You hear of a night of Haydn conducted by the ever-sunny Nicholas McGegan, and you probably think, “That’s nice.” You notice that the Haydn Trumpet Concerto will be the centerpiece of the evening and you might say, “Hmmm, haven’t heard that performed in a while.” You realize that Alison Balsom is the trumpet soloist, and you drop whatever you had planned and you go.
At least that’s what you should have done Tuesday night, but you probably didn’t. And that’s a damn shame.

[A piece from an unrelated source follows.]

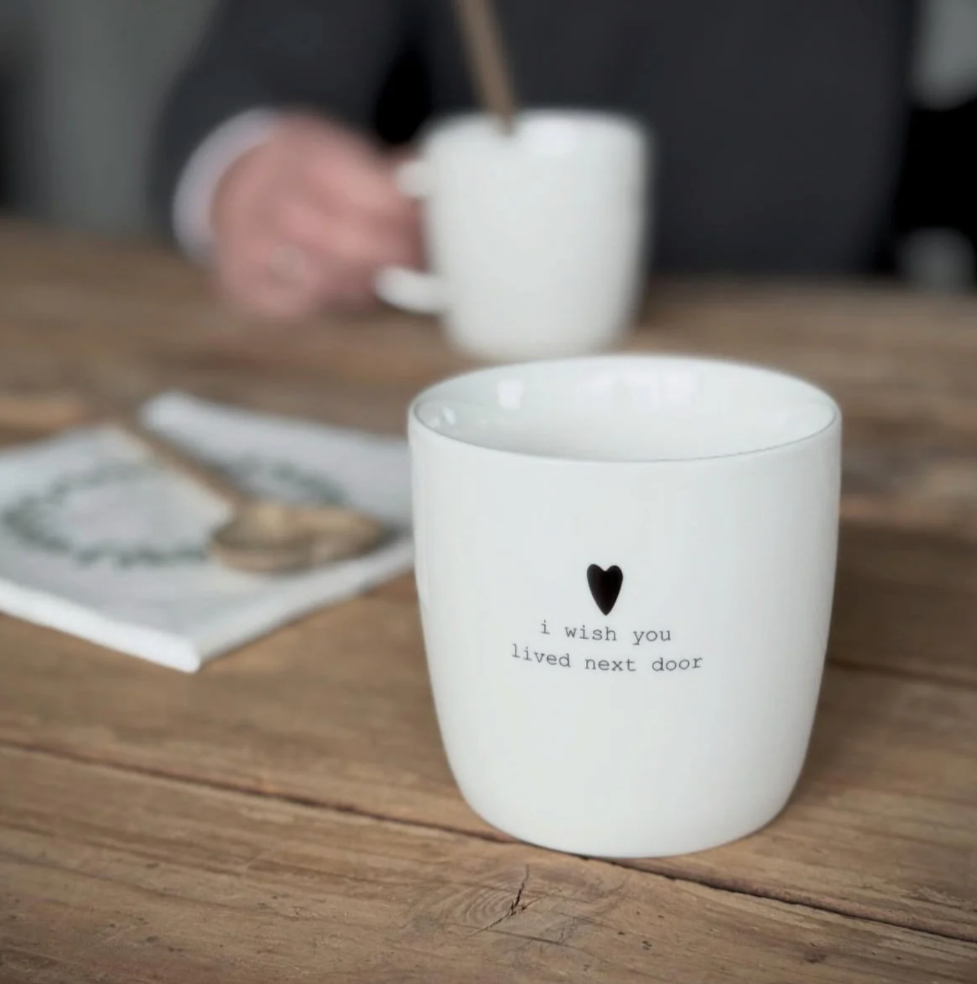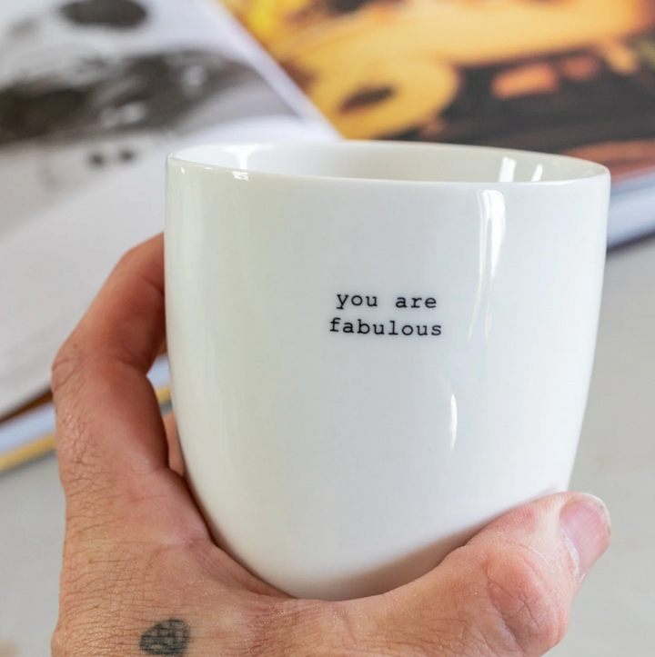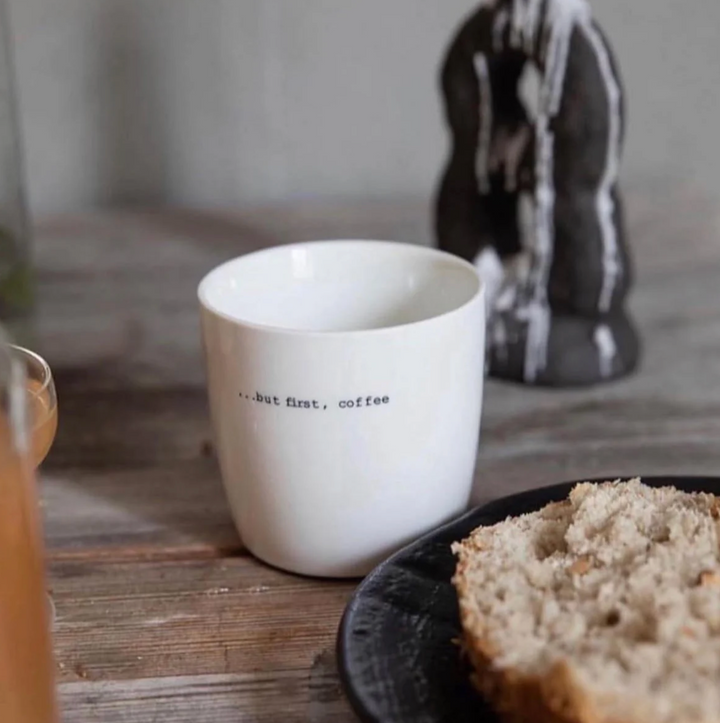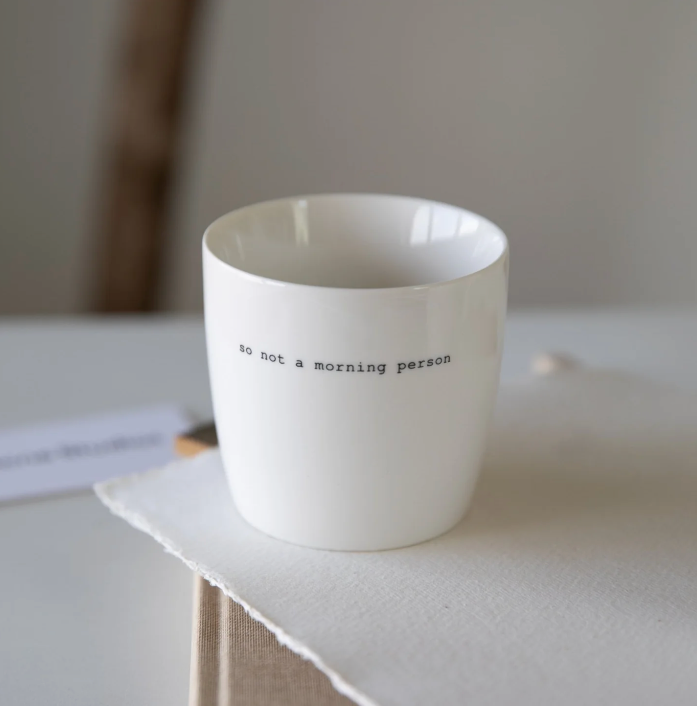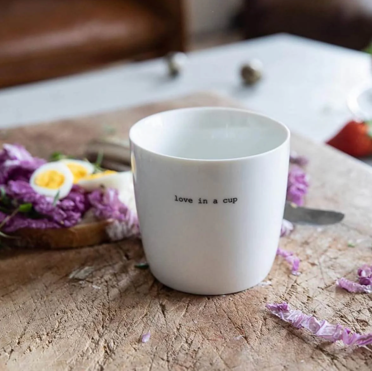 HANDGERÐU KAFFIBOLLARNIR FRÁ SÖGNE ERU ÚR ÞUNNU POSTULÍNI OG MEÐ ÞÆGILEGU HANDFANGI. DÁSAMLEGIR BOLLAR MEÐ SKILABOÐUM SEM GERA DAGINN SKEMMTILEGRI!

Judging by the relatively sparse attendance at the Hollywood Bowl, you weren’t the only one. Haydn apparently isn’t the draw that Beethoven or Mozart or Tchaikovsky is. Perhaps the sheer volume of his output waters down any individual work’s popularity, making an all-Haydn night less compelling to the masses. But if there’s one work that should stand out, it’s the trumpet concerto. Written as a showpiece for an instrument that in the composer’s time had just recently evolved to be able to play a full chromatic scale, it is compact, lyrical, virtuosic — what’s not to love?
Part of the problem is that we just don’t hear it live often enough. As trumpet concertos go, the Haydn is bread and butter, but compared to concertos in general, it may as well be foie gras: rich and juicy, comes in small portions, damn hard to find.
If memory serves, the last time the Los Angeles Philharmonic performed it was in 1995 when former Principal Trumpet Thomas Stevens was the soloist. In that time, there have been multiple performances of relative rarities like the Lutosławski cello concerto, the Korngold violin concerto, and Rodrigo’s Concierto de Aranjuez for guitar — don’t even get me started on the Lady Gaga-ish ubiquity of the “Rach 3″ or the Mendelssohn violin concerto. But I digress . . .
On top of all this, you get Alison Balsom. If there’s a star among classical trumpet virtuosos these days, she is it (and, no, I don’t count Wynton Marsalis since he doesn’t really play classical music anymore . . . OK, maybe you’ve got an argument if you bring up Håkan Hardenberger, but still . . . ).